Agradezco mucho un placer andar en este foro!


----------



## moises95 (Jun 17, 2011)

Tengo varios potenciometros de volumen de 6 pines pero no tengo ni idea de para que sirve cada pin . 

¿Como se conecta cada pin de un potenciometro de 6 pines?


----------



## matiasdanielruiz (Jun 17, 2011)

es un potenciometro doble... controlas con un potenciometro dos salidas

por ejemplo: para una fuente conmutada enves de usar dos potenciometros usas uno doble..


----------



## Mastodonte Man (Jun 17, 2011)

Pues te lo resumo:
El pootenciometro es como una resistencia que se varia su valor mientras giras la perilla.
Si quieres ajustar el valor de la resistencia por ejemplo del audio, pues un potenciometro de 3 pines, es como una resistencia.
Entonces un potenciometro de 6 pines son 2 resistencias, estos de 6 pines se usan mas en el audio, porque como en el audio es SEÑAL IZQUIERDA Y SEÑAL DERECHA pues se conecta cada canal a cada resistencia y al girar a la izqu. se pone el valor max. de resistencia y no pasa audio, si lo giras se va disminuyendo su valor y va pasando el audio mas y mas hasta que el potenciometro no tiene resistencia y el auido pasa a toda leche
SALUDOS!!!


----------



## moises95 (Jun 18, 2011)

Ah, ahora entiendo como funciona.

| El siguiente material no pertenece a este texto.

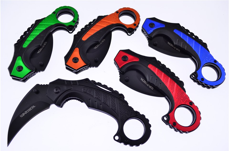 Here is a set of WarTech knives you don't want to miss! Included in this set is one of the 5 1/8" Black Anodized Aluminum Karambits, one of the 5 1/8" Black/Blue Anodized Aluminum Karambits with Metal Pins, one of the 5 1/8" Black/Green Anodized Aluminum Karambits with Metal Pins, one of the 5 1/8" Black/Orange Anodized Aluminum Karambits with Liner Lock, and one of the 5 1/8" Black/Red Anodized Aluminum Karambits with Black Matte Stainless Steel. Not all of these components will stay in stock, so throw this in your shopping cart now!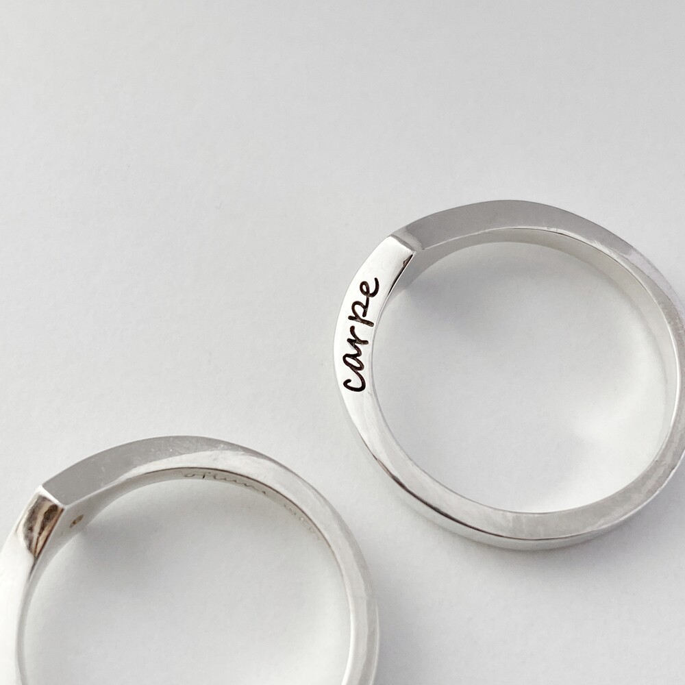 아래 사진에서 보시는 것과 같이 반지 밴드 옆면에 각인이 가능합니다. (옵션 선택 가능)

Pero necesito ahora saber de esos 3 pines la funcion de cada. Por ejemplo pin 1 coloco la entrada de el audio pin 2 el ground y el pin 3 la salida regulada. Es un ejemplo  no se si es correcto lo que he puesto, por eso nececiso saber que conectar en cada pin.

Y otra cosilla mas, los potenciometros esos son capaces de regular corriente alterna?? por ejemplo regular un foco de 220v


----------



## pandacba (Jun 18, 2011)

No ni se te ocurra, ni siquiera tienen esa aislación, los potenciometros, se utilzan sobre todo en señal, o con tensiones a muy baja corriente, ya que no estan previstos para manejar potencia, si no señal a bajos niveles de corriente.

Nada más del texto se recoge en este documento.